= WHAT IS NEEDED =
Each line from the one holding "Tavla i form" to the last line below must be restated word for word, and no picture may be included.

= RECORDED INFORMATION =
#####
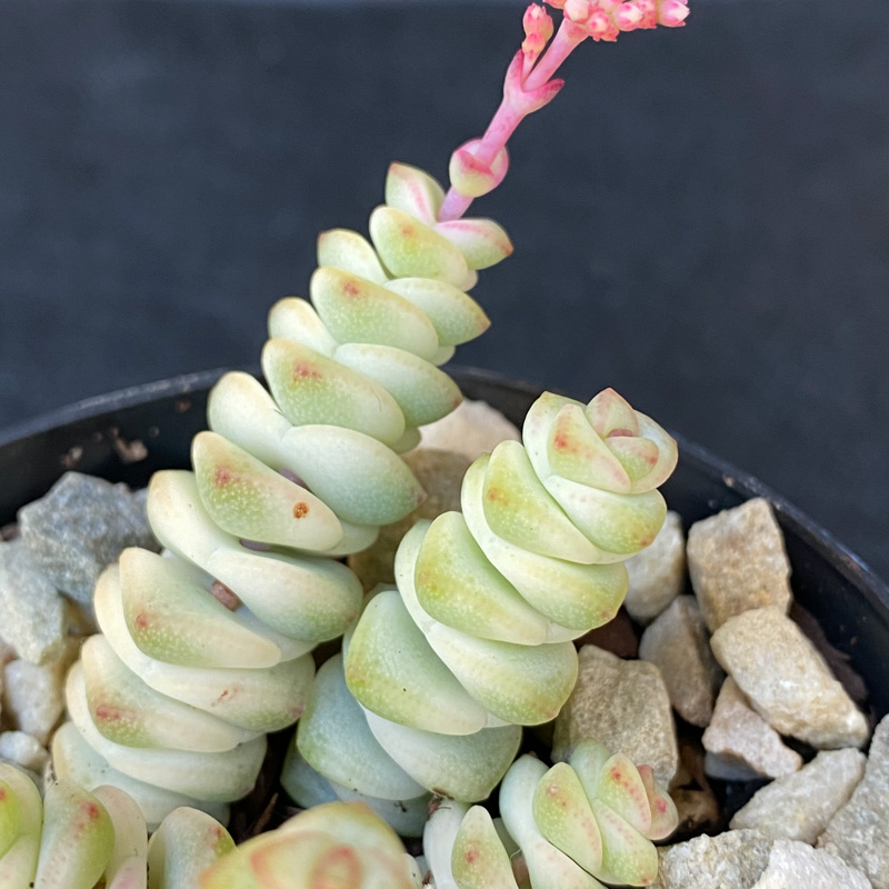 Crassula ‘Fantasy’ is a rare and highly sought-after trailing succulent prized for its captivating miniature form and subtle variegation. This small, slow-growing plant consists of tightly stacked, fleshy, triangular leaves that clasp around thin, woody stems, creating a sculptural, snake-like or caterpillar-like appearance. Its leaves display a soft palette of pale green to blue-green, generously streaked and margined with creamy-yellow variegation. The joints between the leaf layers often blush with delicate reddish-pink tones, especially when grown in bright light, adding warmth to its elegant form. Mature plants send up slender flower stalks in late spring to summer, bearing clusters of small, tubular, pale pink to peachy-pink flowers that emerge from the upper rosettes. It offsets readily, gradually forming an attractive, trailing cluster perfect for hanging baskets, shelves, or as a unique addition to any succulent collection.
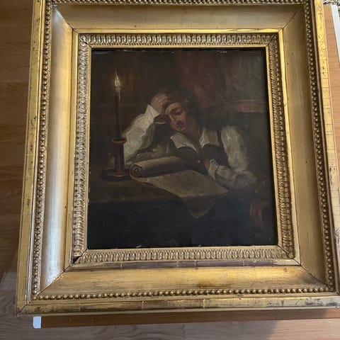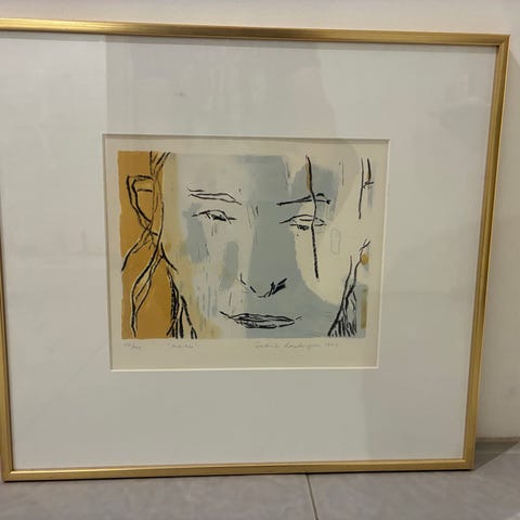 Tavla i form av en oljemålning på duk, 62x96cm,föreställande en liggande nakenmodell. A. Modigliani (efter)Målningen är rektangulär och monterad i en profilerad träram med guldfärgad innerkant. Baksidan visar duk uppspänd på kilram i trä med upphängningsvajer. Passar som väggdekoration i exempelvis vardagsrum, sovrum eller ateljé.
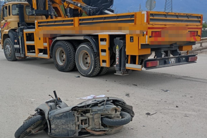 Vinç ile çarpışan motosiklet sürücüsü yaralandı
#####
= COMPLETED EXERCISE =
 Tavla i form av en oljemålning på duk, 62x96cm,föreställande en liggande nakenmodell. A. Modigliani (efter)Målningen är rektangulär och monterad i en profilerad träram med guldfärgad innerkant. Baksidan visar duk uppspänd på kilram i trä med upphängningsvajer. Passar som väggdekoration i exempelvis vardagsrum, sovrum eller ateljé.
 Vinç ile çarpışan motosiklet sürücüsü yaralandı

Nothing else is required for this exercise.